One hundred years ago, during the American general elections in 1920, a deadly event occurred, which many critics have termed the bloodiest day in modern American political history. It went down in history as "The Ocoee Massacre," yet despite the gravity of the crime committed against Blacks, this piece of history has been swept under the carpet.
It all started after a black American male attempted to vote during the elections; on noticing him, the Ku Klux Klan responded with a rampage that led to every black person's exile/death in Florida at that time.
According to political observers and historians alike, the most disheartening aspect of this history is that the perpetrators all got away with what they did for the rest of their lives.
Today, there are no markers in Ocoee and no excavation projects to locate the purported mass grave where most of the victims were buried. Until recently, many descendants of survivors had no idea they were descendants of survivors or that they had been robbed of a valuable inheritance long before they were born.
"Most of the people living in Ocoee don't even know that this happened there," said Pamela Schwartz, chief curator of the history center.
Ocoee was founded in the 1850s by a White man who brought 23 enslaved African Americans with him, Schwartz said.
According to official census records available in the United States' archives, as at 1920, about one-third of the Ocoee population town of 800 people was Black. Though it isn't accurate to say Ocoee was integrated, there wasn't a Blacks-only neighborhood across the proverbial tracks, as you might find elsewhere in the South.
"It was interspersed. It wasn't like, 'Here's a Black part of town, here's a white part of town,'" Schwartz said. "These people were neighbors for 30 years before the massacre happened."
After World War I ended in 1918, the same trends happening nation-wide took hold in Ocoee, too. Black veterans returned home expecting better treatment, as they got in Europe, but white-supremacist groups such as the Ku Klux Klan resurfaced to keep that from happening.
To achieve the acceptance they needed, there were constant talks among the Black populace to participate actively in polities, but the Ku Klux Klan were firmly against this. They did not want Black people to vote; they also didn't want women to vote.
Many anti-suffragists argued that if women were permitted to vote, Black men might try to vote, too. However, a few of the white leaders participating in the elections stood their ground and moved for women and Black residents in the community to be allowed to vote.
A month before the election, two of the White leaders — attorney W.R. O'Neal and Judge John Cheney — received a threatening letter from the KKK. "We shall always enjoy WHITE SUPREMACY in this country, and he who interferes must face the consequences," it read. Across Florida — in Daytona, Jacksonville, and Orlando — local KKK chapters held massive rallies to intimidate potential Black voters.
The threatening letter was also sent to White residents who helped Black residents register to vote.
Despite the threats, a handful of Black residents in Ocoee, both men and women, showed up to the polls on Election Day. A Black labor broker named Moses Norman showed up to vote. Election officials told Norman that he hadn't paid his poll tax. He said he had, but he was turned away. Norman sought help from Cheney, the White judge, who advised him to try again. Again, he was turned away.
By the evening, a White mob had arrived from Orlando. A rumor spread that Norman was hiding out in the home of July Perry, a Black landowner and community leader in his early 50s who had been involved in the voter registration drive.

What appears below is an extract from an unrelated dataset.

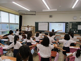 2年生の音楽で、ドレミのうたに合わせて体操を楽しんでいました。子どもたちは各音階ごと決められたポースを取り体で表現していました。音階ごとのポーズを覚えてくると、だんだんと一つ一つのポーズも大きくなり楽しく学習していました。
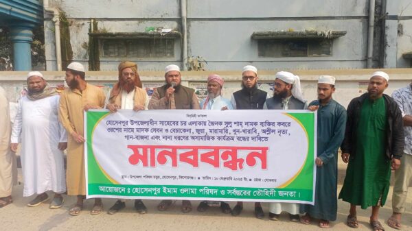 হোসেনপুরে ওরসের নামে অসামাজিক কার্যকলাপ বন্ধের দাবিতে মানববন্ধন

The mob surrounded his house. At some point, two White men were shot and killed — perhaps by Perry's teenage daughter, probably by one another as they fired their weapons at the house. Then it went up in flames. So did a nearby AME church, where Norman and Perry were trustees, and at least two dozen other homes.
This was the beginning of what became a massacre. It may never be known precisely how many Black residents were killed that night.
Amazingly, the Perrys made it out of the house alive. His wife and daughter were taken to a jail in Tampa. Perry, shot in the leg, was taken to a prison in Orlando. Within hours, a lynch mob pulled Perry from his cell, and he was brutalized and killed. His body was left hanging in front of Cheney's Orlando home.
No one was ever held responsible for any of the deadly violence. Agents for the Bureau of Investigation (later the FBI) showed up a few weeks later, but they made it clear they weren't investigating murder, arson, or assault. They were interested only in election fraud.
Although many historians and critics have tried to unravel the events on Election Day in 1920 at Ocoee, they all have the same tale. "The sentiment was, 'It's better to let sleeping dogs lie,'" Schwartz said.
What are your thoughts? Should we allow sleeping dogs to lie?